Una biblioteca es lo más parecido a un laberinto, un laberinto lleno de libros, de mundos por descubrir.En homenaje a las bibliotecas y a la lectura , preside la cabecera de este blog un dibujo del pintor jerezano Carlos Crespo Lainez: "Noche de lectura".
LECTORES SIN REMEDIO
domingo, 27 de febrero de 2022
"FIEBRE" POR LA LITERATURA VIAJERA SOBRE ESPAÑA
Hoy día es rara la
editorial de nuestro país que no incorpore en su catálogo una colección de
literatura viajera y, sin embargo, hasta no hace mucho el interés de los
lectores españoles por estos libros era más
bien tibio. Esto comenzará a cambiar en el primer tercio del siglo XX, cuando una
serie de intelectuales se proponen rescatar del olvido libros escritos casi un
siglo antes, y que describían experiencias viajeras por España. Uno de eso
intelectuales fue Manuel Azaña que tradujo por vez primera al castellano el
libro de George Borrow ‘The Bible in
Spain’ en 1921. A partir de ahí ese interés por los testimonios de viajeros
extranjeros no ha dejado de crecer, pues ¿cómo se podía ignorar un fenómeno que
dio a la imprenta miles de libros, y fue en parte responsable de la imagen que
de España se trasladaba a los lectores europeos? Lo cierto es que a mediados de
los años 80, gracias al impulso de congresos nacionales como el celebrado en
Madrid a principios de esa década “La Imagen Romántica de España”, o el de
Ronda de 1985 “La imagen de Andalucía en los viajeros románticos”, se editan en castellano por vez primera libros
que habían tenido un enorme éxito entre los lectores europeos y norteamericanos,
y que a partir de ese momento comienzan a despertar el interés del público
español. Libros como ‘La Bahía de Cádiz’ de Antoine Latour, ‘Manual para
viajeros por España y lectores en casa’ de Richard Ford, o ‘De París a Cádiz’

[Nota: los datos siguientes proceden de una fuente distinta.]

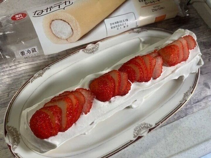 さらに、この時期なのでいちごを飾ってみました!すると一気に豪華に。おもてなしのテーブルにもピッタリのロールケーキが完成しました!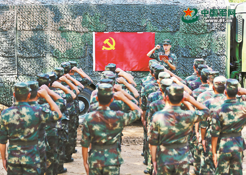 火箭軍某導(dǎo)彈旅官兵在陣地前開展宣誓、火線入黨等活動。宋 波攝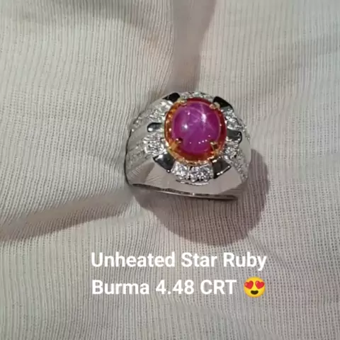 Natural Star Ruby Burma no heated Weight. : 4.48 crt Dimensi. : 9.49 x 8.36 x 5.02 mm Cut. : Cabochon Shape. : Oval Color. : Pinkish Red Comment : No Indication of thermal treatment Origin. : Burma Memo. : GRI Lab Ring. : Silver Wa 087852277800 Link video https://youtu.be/1I6FLyoi8EI?si=ps7BMsho_e7PTiTg Minat langsung chat aja #vividroyalbluesapphire #royalbluesapphire #bluesapphirestar #yellowsapphire #orangesapphire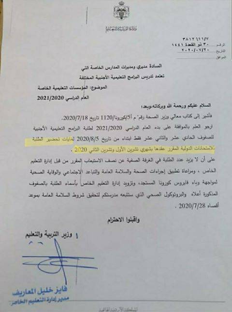 ووجه وزير التربية والتعليم كتابا الى مديري ومديرات المدارس الخاصة التي تعتمد تدريس البرامج التعليمية الاجنبية المختلفة ، اعلمهم فيه بالموافقة على بدء العام الدراسي 2020/2021 لطلبة البرامج التعليمية الاجنبية للصفوف الحادي عشر والثاني عشر فقط ابتداء من تاريخ 2020/8/5 لغايات تحضير الطلبة للامتحانات الدولية المقرر عقدها بشهري تشرين الاول وتشرين الثاني 2020 .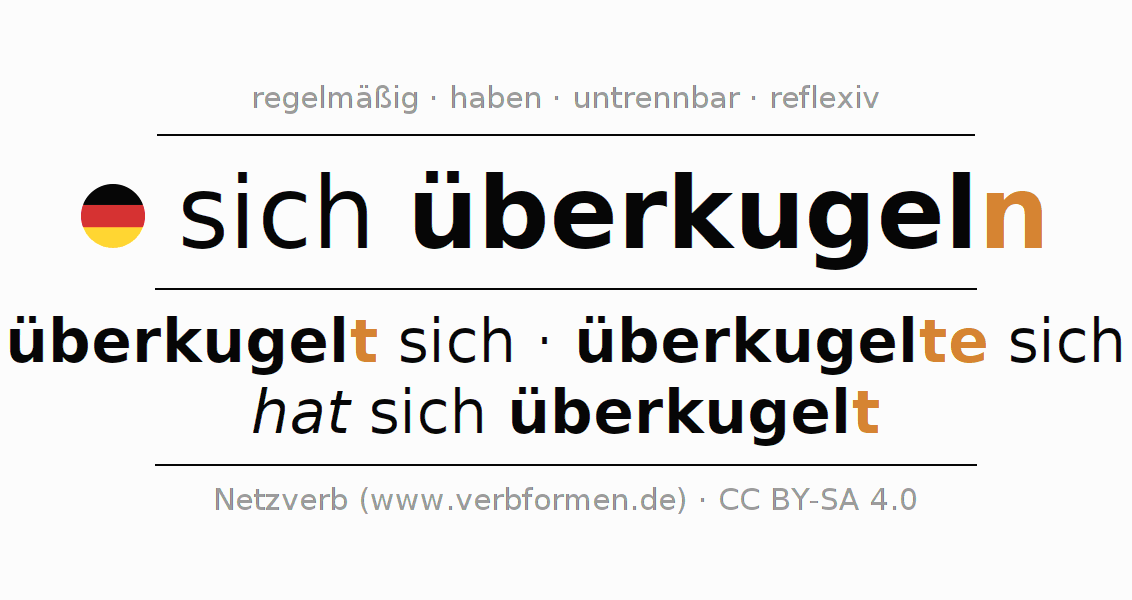 - Futur II: ich werde mir/mich überkugelt haben, du werdest dir/dich überkugelt haben, er werde sich überkugelt haben, wir werden uns überkugelt haben, ihr werdet euch überkugelt haben, sie werden sich überkugelt haben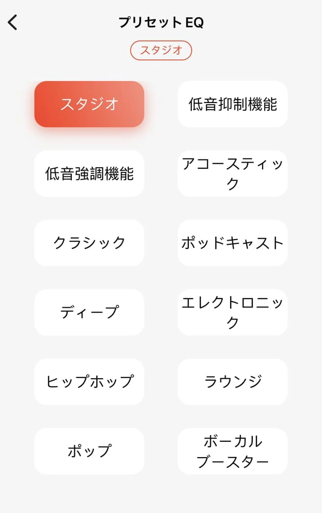 ▼カスタマイズEQ(イコライザー)からプリセットを選択して、音質を自分好みに調節できる。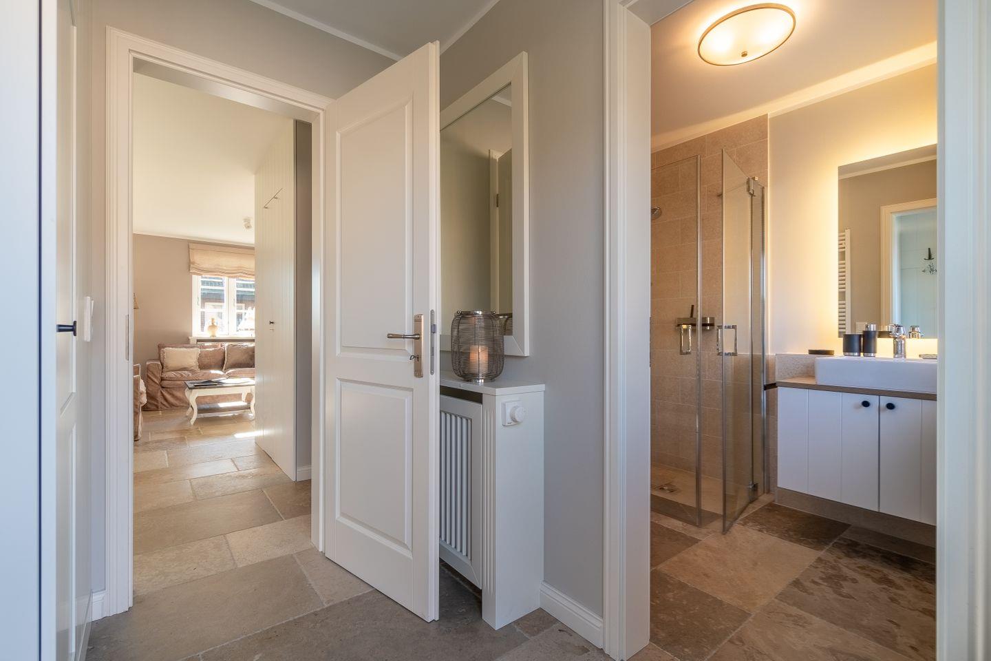 Im Erdgeschoss befinden sich der großzügige Wohn- und Essbereich mit offener Küche sowie eines der Duschbäder. Über den Wohnbereich gelangen Sie direkt auf die eigene Terrasse und in den Garten. Der Kamin spendet wohlige Wärme an kühlen Tagen. Zur Küchenausstattung gehört neben diversen Geräten auch ein Thermomix sowie eine Kitchenaid (Bei Buchung des hochwertigen Ferienhausteil können die Küchengeräte kostenfrei hinzugebucht werden).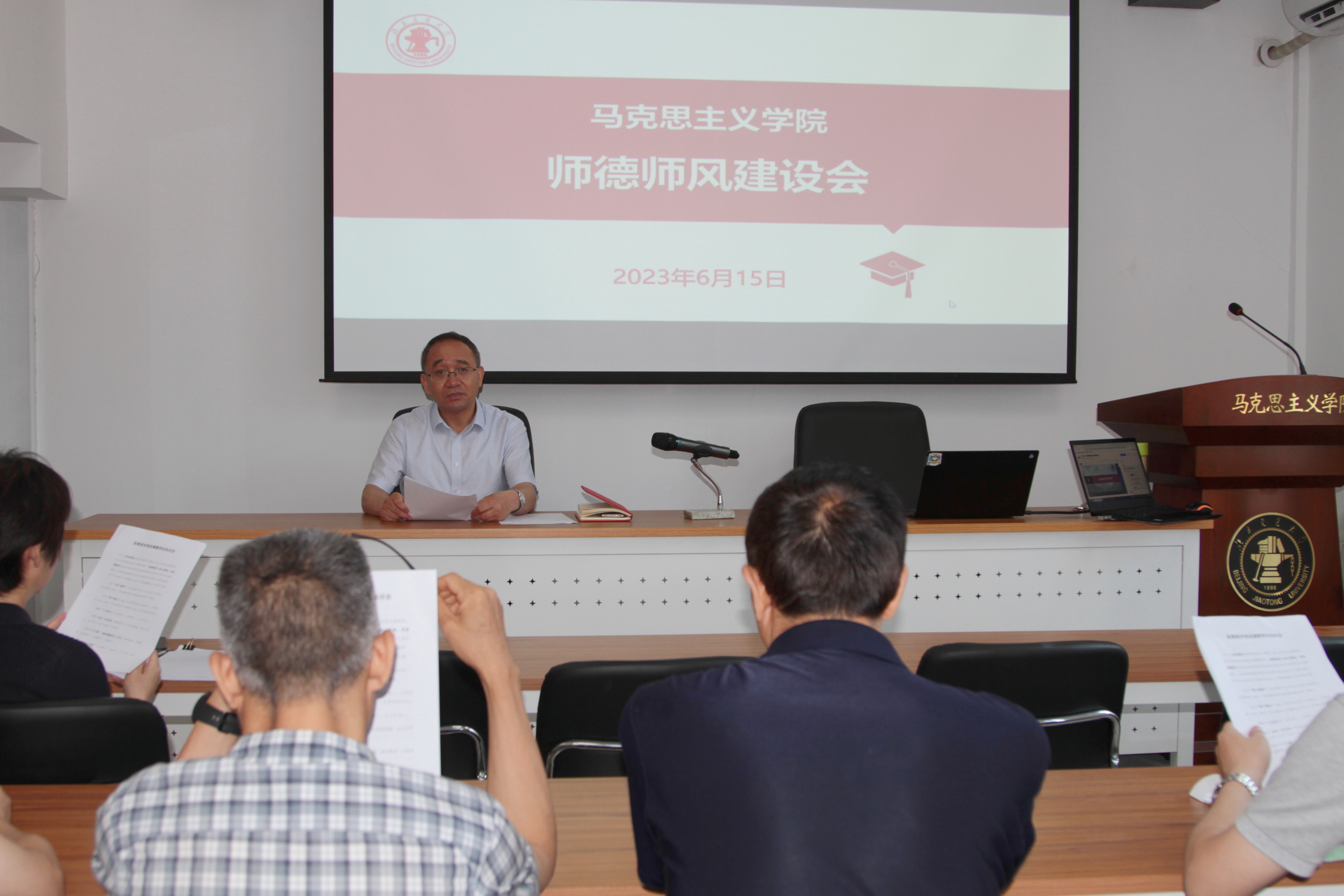 2023年6月16日上午9:00成人视频 在向阳办公室2111召开师德师风建设会,学院全体教职工出席此次会议,会议由学院党委书记孙冬梅主持。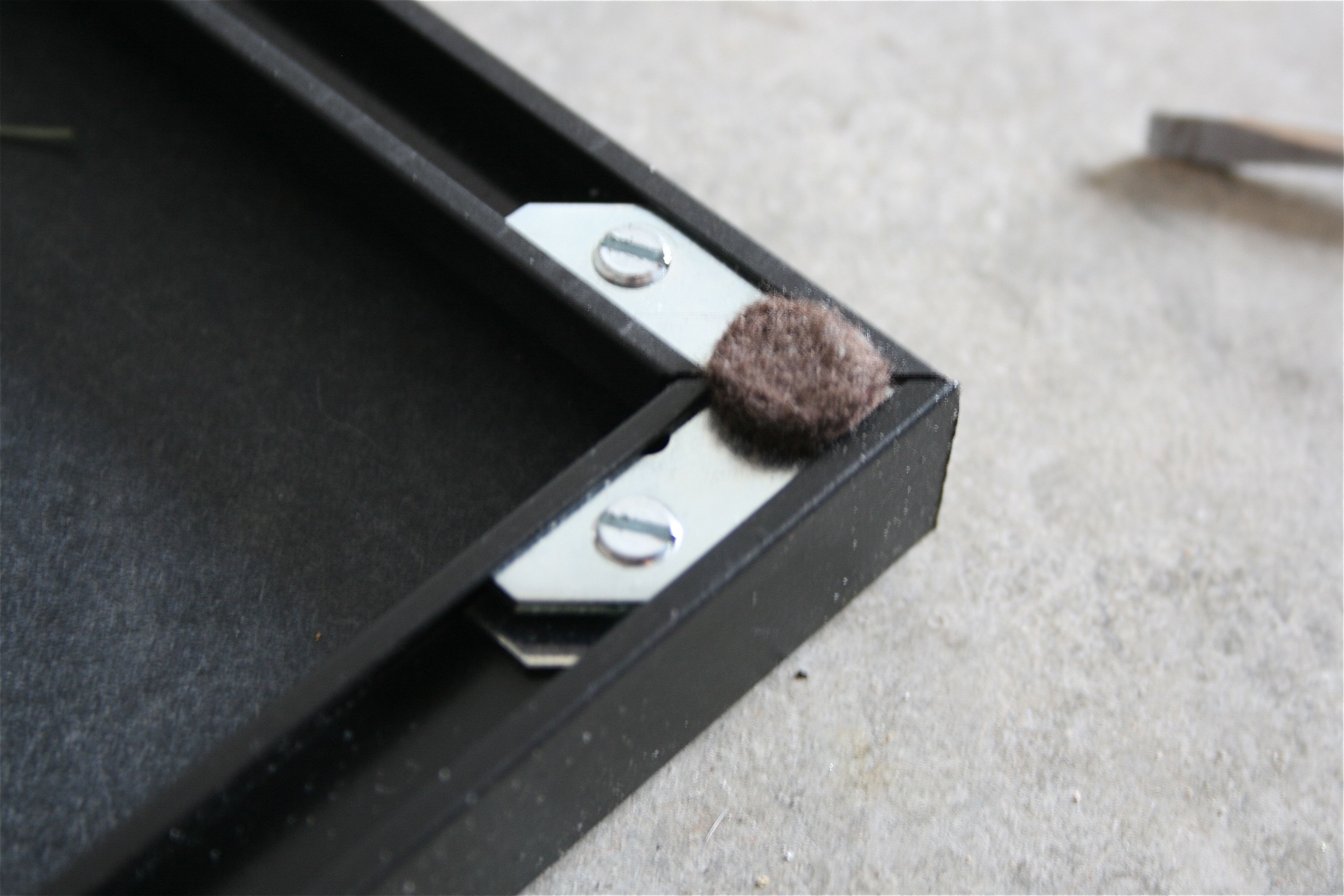 Now time for the connecting materials: the “L-shaped” metal pieces (with and without holes/felt) and screws.
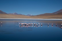 Przy kolejnej, położonej dość blisko, Laguna Hedionda (co znaczy "śmierdząca" - nie bez przyczyny) jemy obiad. Ponownie podziwiamy zdolności kucharskie naszego kierowcy, który dostarcza nam smacznych i pożywnych posiłków w tych polowych warunkach. Ta laguna jest zdecydowanie inna - ma kolor turkusowo-miętowy. Jej brzegi również są białe, jednak nie ma tu traw. Tutejsza gromada flamingów jest zdecydowanie większa - może to jest przyczyną nieprzyjemnego zapachu? Nie, to okoliczne złoża siarki, które cuchną zgniłymi jajami.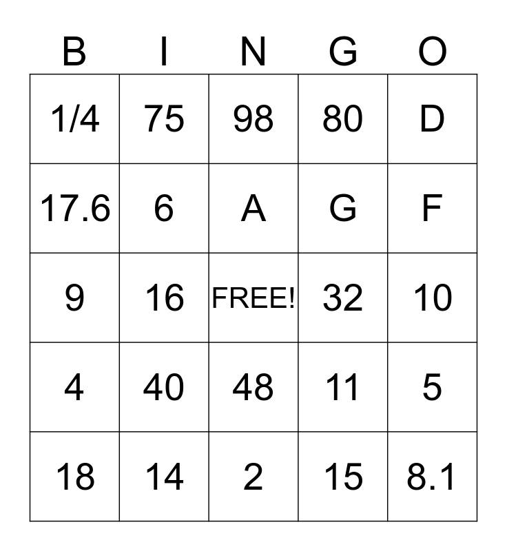 This bingo card has a free space and 24 words: 40, 14, A, 18, D, 1/4, 17.6, 75, 32, 48, G, 9, 11, 5, 6, 15, 10, 98, F, 16, 8.1, 4, 80 and 2.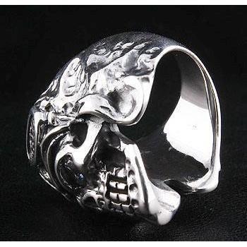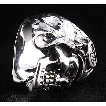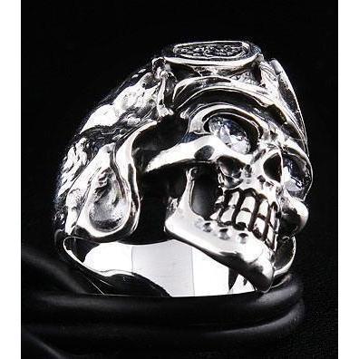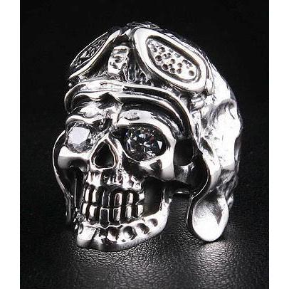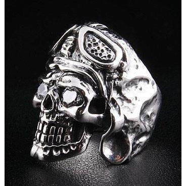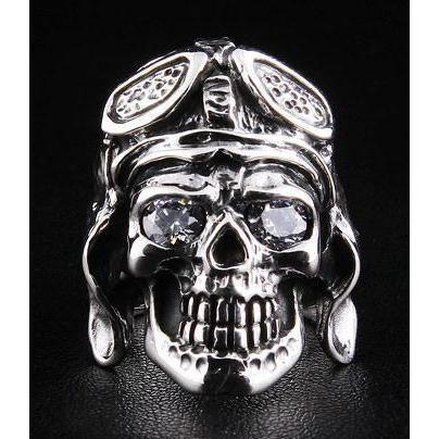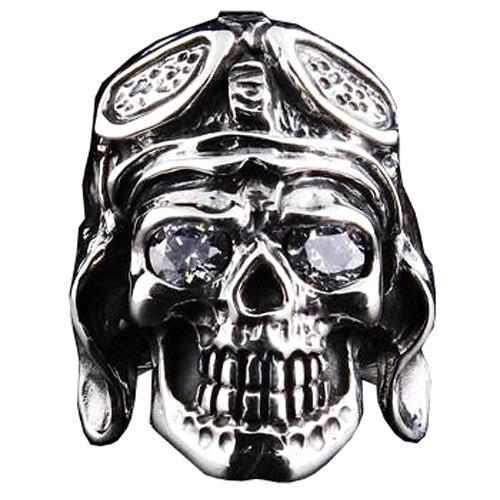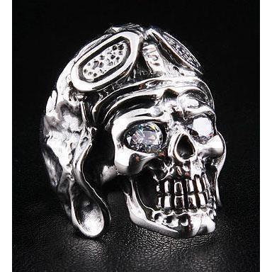 Masculine and bulky, this WW2 Axis Aviator Pilot Skull ring has been designed for anyone wanting to make a statement. The eye sockets of the skull have been filled with synthetic diamond CZ stones, these clear stones make the ring even more appealing.

de Dumas por nombrar algunos ejemplos. Hoy afortunadamente ese interés se sigue
manteniendo, tanto con la continuada publicación de estudios sobre el fenómeno
viajero y de los que son ejemplo los ya clásicos ‘Del Támesis al Guadalquivir’
de Alberich o ‘Los curiosos impertinentes’ de Iam Robertson, como por las nuevas transcripciones al
castellano de los muchos libros que aún no conocemos en este idioma, como es el
caso del escrito por Vizetely ‘Hechos sobre el vino de Jerez’, y que con
traducción y comentarios de Beltrán Domecq la editorial Peripecias tuvo el
acierto de incluir en su catálogo el año pasado. Ramón Clavijo Provencio.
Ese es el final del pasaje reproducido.